Melted Snow in a Store: What are Your Rights If You Slip and Fall


Slip and fall injuries are a common occurrence with thousands of people injured every year in these types of premises liability accidents.  While some slip and falls result in just a bruise and some embarrassment, other victims may suffer serious and potentially life-altering injuries such as spinal cord injuries, traumatic brain injuries, or even death. 

As the Mid-Hudson Valley is just beginning to get the first round of winter snow and ice, slip and fall accidents will become more prevalent.  This includes not just on snow and ice outside, but even snow that is tracked into a store and creates a wet and slippery surface.  Thus, if you or a loved one have been injured in a Hudson slip and fall accident, it is important for you to understand your rights under the law.

The general rule is that property owners can be held liable for the failure to remove snow and ice from their premises which results in foreseeable harm to another individual.  The property owner must remove the ice or snow from the premises within a “reasonable time” after the storm that created the dangerous condition has ended.  This is known as the “storm in progress” rule.

But this general rule is not limited to solely outdoor premises.  The interior also needs to be kept safe for patrons who enter the store.  Further, the “storm in progress” rule is not applicable to conditions in the interior of the store and landowners cannot attempt to shield themselves from liability by arguing it.  Thus, owners of commercial property are legally accountable for the safety of the visitors who enter their stores, regardless of whether the storm is still in progress.

In order to maintain a slip and fall case that occurred during a store because of snow that had melted inside the store, notice must be established.  Your Hudson slip and fall attorney can prove notice in the following ways:

  • Created the dangerous condition; or
  • Was on notice of the existence of the dangerous condition and did not take action to correct it.
  • The notice can be either “actual” (knew that the snow as melted on the floor) or “constructive” (should have known that snow was melted on the floor).
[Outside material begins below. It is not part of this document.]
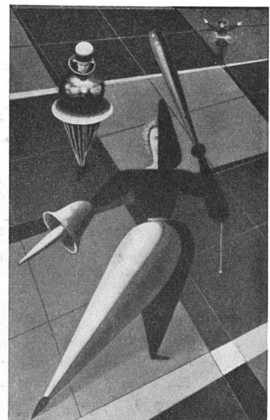
Das Triadische Ballett. Abb. aus «Die Bühne im Bauhaus». Bauhausbücher, Band IV, 1925.

Paul Klee, James Joyce, Louis Marcoussis, Robert Delaunay, Sophie Täuber-Arp starben in den letzten Jahren. Verschiedene Persönlichkeiten, verschiedene Intensitäten, aber doch darin sich gleichend, daß sie seit Jahrzehnten an einer neuen künstlerischen Sprache, an einer kommenden Zeit kompromißlos, standhaft und unbe-

There is another way to prove notice.  Even if a property owner is not aware of the melted snow, if the condition is present for an extended period of time or it is a condition that has occurred on a regular basis, the property owner will be considered to have constructive knowledge of a reoccurring condition.  Thus, they will be liable for your slip and fall accident.

There are also cases where the actions of the property condition, or his maintenance personnel, will cause the dangerous condition to worsen.  For example, the person who was responsible for mopping up the water ends up spreading it out into a larger area.  Another example is that the soap or other cleaning agents may be have been improperly mixed or used.

This is the time of year when these types of accidents are very common, with the snow starting to blanket property and owners are again faced with maintain their property to ensure the guests safety.  Most patrons who visit stores will track snow into the establishment, which will melt on the floor, creating a slippery surface. 

An experienced Hudson premises liability attorney can help successfully litigate cases that result from slip and fall accidents.  The attorneys at Greenberg and Greenberg handle cases throughout New York State, including Columbia, Greene, Rensselaer, and Albany County.  Our legal team has earned a reputation for dedicated service to our clients injured in New York personal injury accidents.  Please contact us today to receive a free case evaluation by dialing locally to 518-828-3336 or call toll free at 877-469-9300.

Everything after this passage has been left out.